No matter what sort of locomotion Shubin and colleagues imagine for Tiktaalik or how robust its pelvic girdle, it still lacked essential structures for actual ambulation, like a sacral attachment to the vertebral column7 and legs. The authors write that “the mosaic of primitive and derived features”8 confirms “a trend toward hind limb-based propulsion”9 in terrestrial vertebrates. However, these features only demonstrate that Tiktaalik was a fish with a sturdy posterior, not a transitional tetrapod.
Living lungfish, a lobe-fish which pops its head up out of water to grab a breath, can push itself up. Shubin considers this ability to be a model precursor to terrestrial ambulation. You can read more about Shubin’s interpretation of the the significance of lungfish behavior in “Lungfish Lope Along.” In fact, many specialized species of living fish are designed to breathe air and scoot about between shallow pools using their fins. Evolutionists don’t claim them as our evolutionary ancestors, but they adopted Tiktaalik as our cousin right out of the rocks.
God created all kinds of fish on the 5th day of Creation Week about 6,000 years ago. The very next day, God tells us in His recorded Word, He created all kinds of land animals. Thus, on God’s authority Christians should understand that millions of years did not transpire and that God did not use evolution.

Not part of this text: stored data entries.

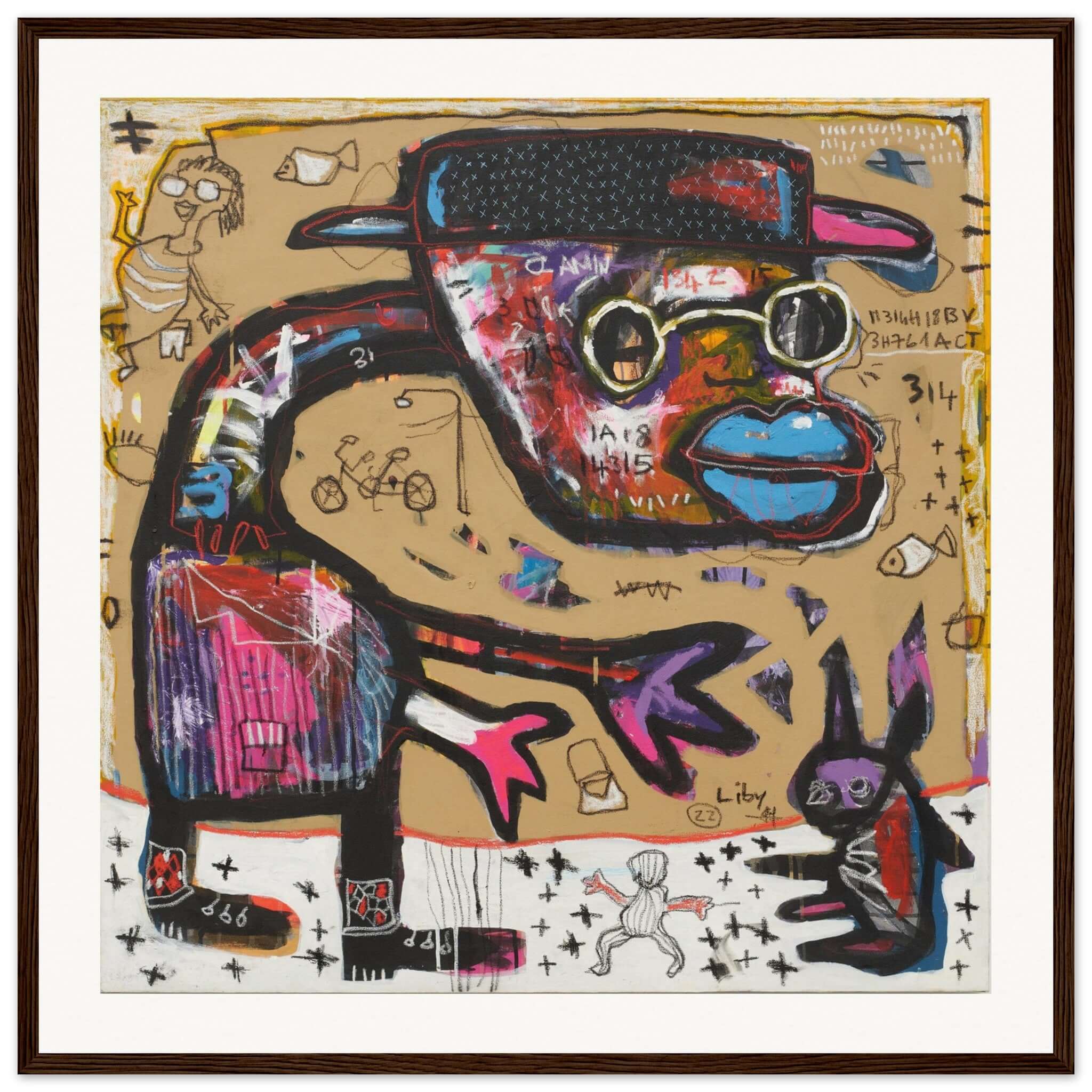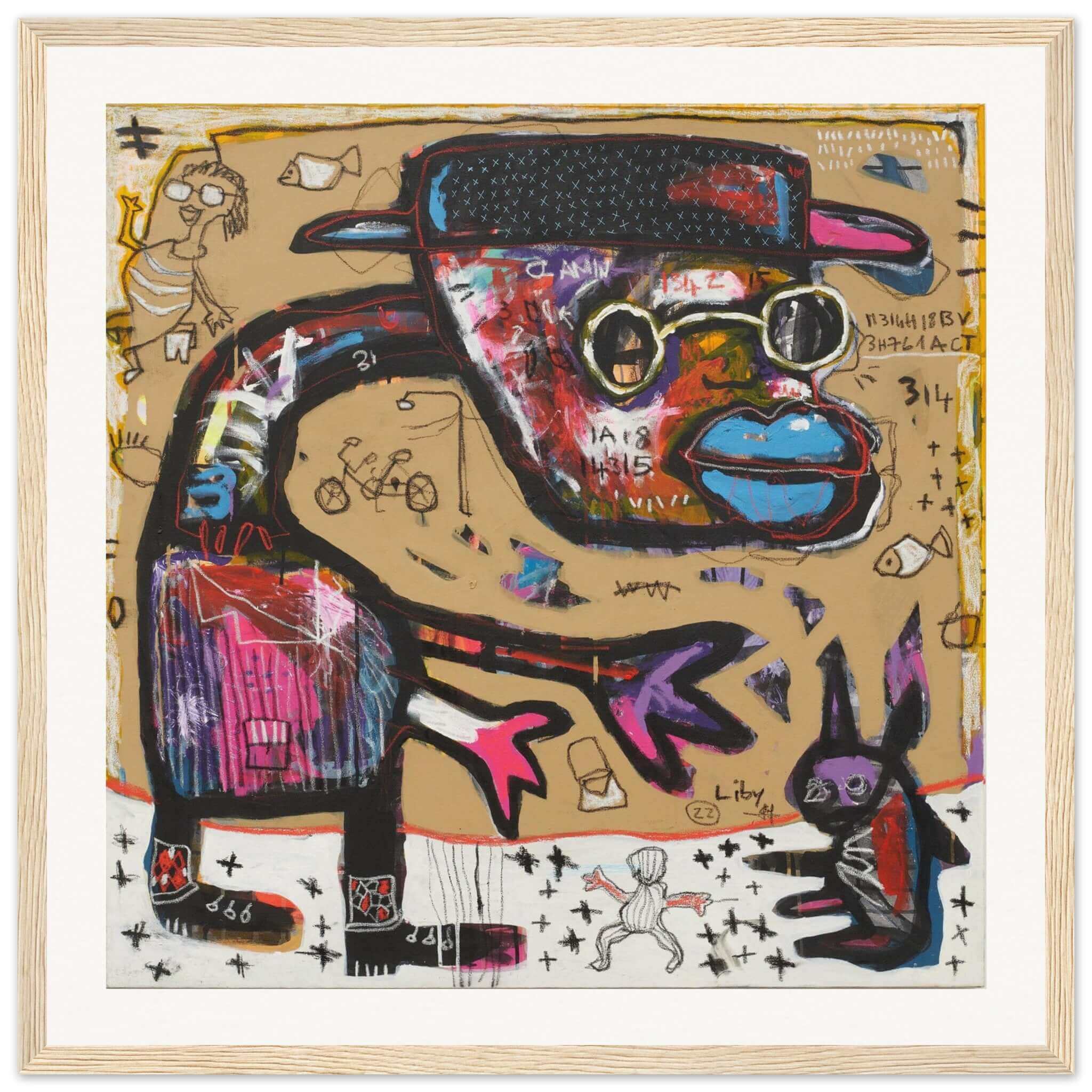 “Tonton Bouba”, Libye Lougué, 2023 Liby Lougué wurde 1987 in Ouagadougou (Burkina Faso) als Sohn eines Kunstmalers und einer Schneiderin geboren. Er begann schon in jungen Jahren mit dem Zeichnen, indem er Comics und Porträts zeichnete, die er an seine Klassenkameraden verkaufte. Diese Leidenschaft für das Zeichnen entwickelte sich unter dem Eindruck und der Anleitung seines Vaters allmählich zu einer figurativen Malerei. Seine ersten Gemälde bestanden vor allem aus einer Fusion von Acrylfarbe und einer Collage aus heimischen Stoffen, die er im Atelier seiner Mutter gesammelt hatte. Im Jahr 2008 lernte er den burkinischen Maler und Designer Hamed Ouattara kennen, mit dem er seine Maltechniken verfeinerte. Seit 2011 nimmt er an zahlreichen Ausstellungen in Burkina Faso und Weltweit. Liby Lougué ist ein bekennender Bewunderer vom Jean-Michel Basquiats (1960 – 1988) Werk, das ihn auch sehr inspiriert. Wie bei Basquiat spiegeln auch die Werke von Liby Lougué seine Identität wider. Liby Lougué untersucht das Alltagsleben in Burkina Faso mit besonderer Aufmerksamkeit. Seine Arbeit enthält in den ersten Serien einen biografischen Gehalt. Der Künstler nutzt die Malerei mit dem Ziel, seine Beschwerden, seine Gefühle und seine Sicht auf die Welt und unsere Gesellschaft auszudrücken. Seine Werke offenbaren die sozialen Realitäten einer sich im Umbruch befindenden afrikanischen Gesellschaft. Wir bieten drei Formate an: – Unser schwereres, weißes, mattes Premium-Papier hat eine natürliche, glatte, ungestrichene Oberfläche, die sich luxuriös anfühlt. Das Papier mit einem Gewicht von 200 g/m2/ 80 lb ist haltbar und langlebig. – Unsere Master’s Edition, ein cremefarbenes Papier in Museumsqualität, ist ungestrichen und die beste Wahl für Kunstliebhaber, die erstklassige Qualität zu schätzen wissen, um Kunstwerke auf luxuriöse Weise zu genießen. Das 250 g/ 110lb-Papier eignet sich perfekt für Kunstwerke und ist so konzipiert, dass es jahrelang hält, ohne seine ursprüngliche Schönheit zu verlieren. Unser mattes Papier ist ungestrichen und naturweiß (off-white). – Unsere gerahmten Holzposter sind die perfekte Kombination aus Schlichtheit und Robustheit. Das Poster ist auf unserem Master’s Edition Papier in Museumsqualität gedruckt. Es ist cremefarben, ungestrichen und die beste Wahl für Kunstliebhaber, die erstklassige Qualität schätzen, um Kunstwerke auf luxuriöse Weise zu genießen. Wir verwenden FSC-zertifiziertes Papier oder gleichwertige Zertifizierungen, je nach regionaler Verfügbarkeit. Das ist besser für die Menschen und den Planeten. Jedes Poster wird in einer robusten Verpackung versandt, damit es sicher und geschützt ankommt.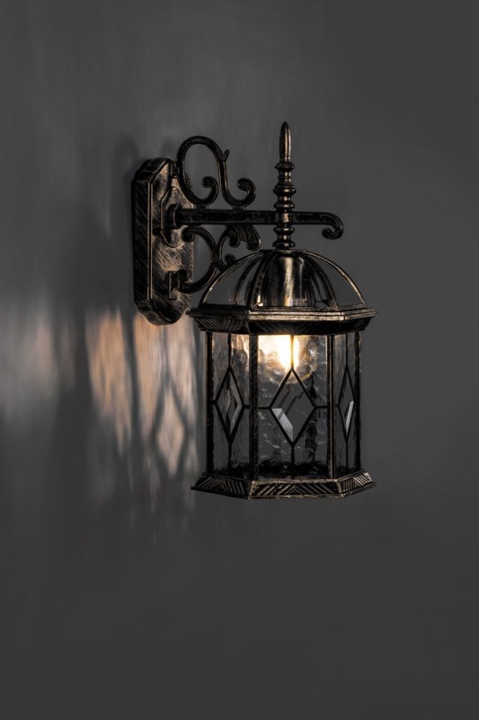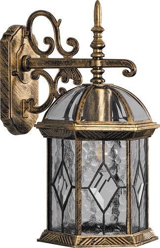 Светильник садово-парковый Feron PL131 шестигранный на стену вниз 60W E27 230V, черное золото 11335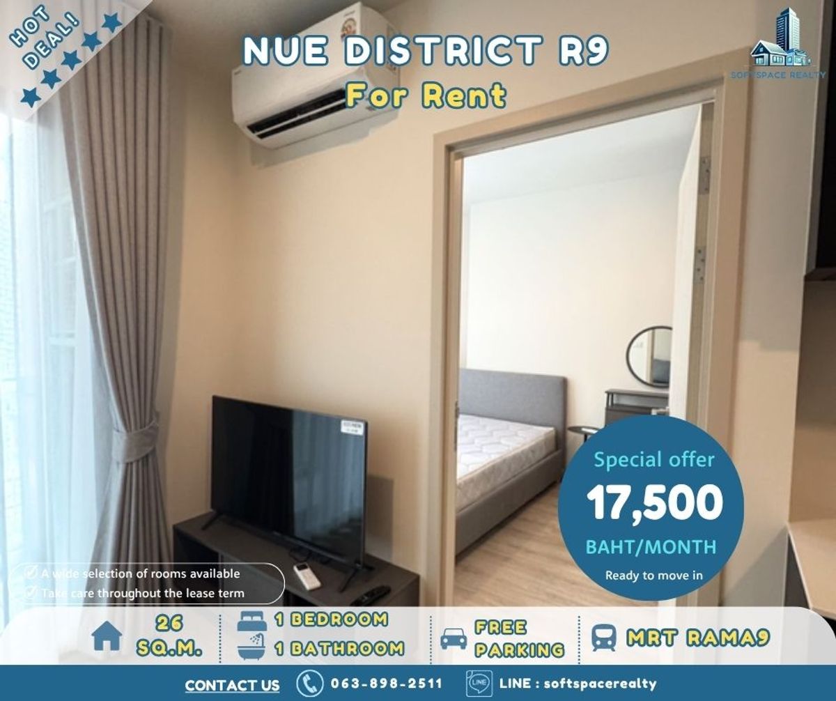 🌟 NUE DISTRICT RAMA 9 🌟 💰 เช่า | Rent: 17,500 THB/Month 📅 สัญญาเช่า 1 ปี | 1-Year Contract 🌸 รายละเอียดห้อง | Unit Details 📍 ทำเล: ใจกลางพระราม 9 • ขนาด: 26 ตร.ม. | 1 ห้องนอน 1 ห้องน้ำ • ชั้น: 11-20 •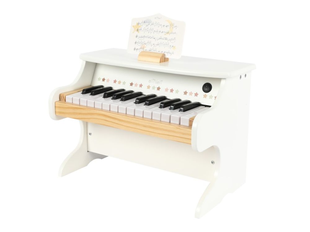O jucărie muzicală frumoasă și elegantă, sub forma unui pian mic (pian), va trezi interesul pentru muzică și va trezi dragostea pentru muzică în fiecare copil. Pianul, într-o combinație de culori neutre, alb cu lemn natural, este potrivit pentru orice interior (nu numai pentru copii). Pianul electric le va permite copiilor să joace rolul unui pianist profesionist. Pur și simplu apăsați comutatorul, atingeți ușor tastele pianului și acesta va începe să producă sunete frumoase. Invitați-vă la un concert de pian în camera fetiței sau băiețelului dvs. și bucurați-vă de această experiență unică. Poate că această jucărie muzicală va face ca copilul dvs. să iubească atât de mult să cânte la pian, încât va dori să continue să cânte chiar și la o vârstă mai înaintată. Pianul de concert pentru copii vine, de asemenea, cu un suport practic pentru partituri, pentru partiturile sau versurile melodiilor dvs. preferate.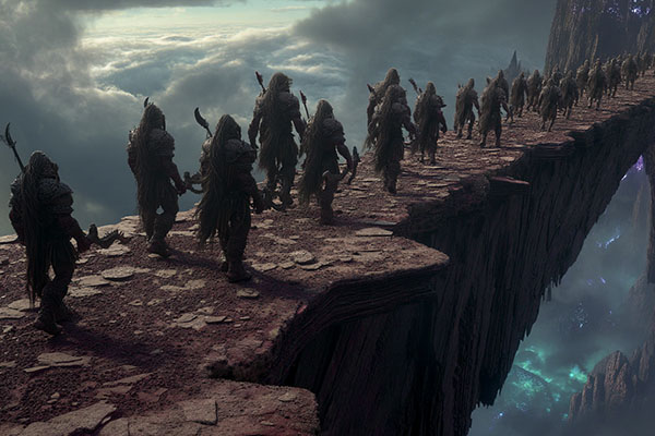 The bridge sprawls as wide as a large village, wide enough for three hundred men to march abreast with shields locked. From its southern approach, the northern end is little more than a smear against the horizon, vanishing into heat shimmer and shadow. Its name is no metaphor, bones litter its span, bleached pale by sun and wind, remnants of centuries of blood spilled upon its back. The wind carries their fragments, scattering them like dust across the abyss.

Neither did evolution produce increasingly complex kinds of animals through natural processes. Biological observation has never shown how such a thing could actually happen, so assuming that evolution produced all sorts of life is an insupportable imaginative atheistic answer to the question of origins. On the other hand, biological observation does show that animals reproduce and vary only within their created kinds, just as the Bible describes in the first chapter of Genesis. A well-designed powerful lobe-finned fish’s pelvis does not change, or even challenge, the truth of God’s Word.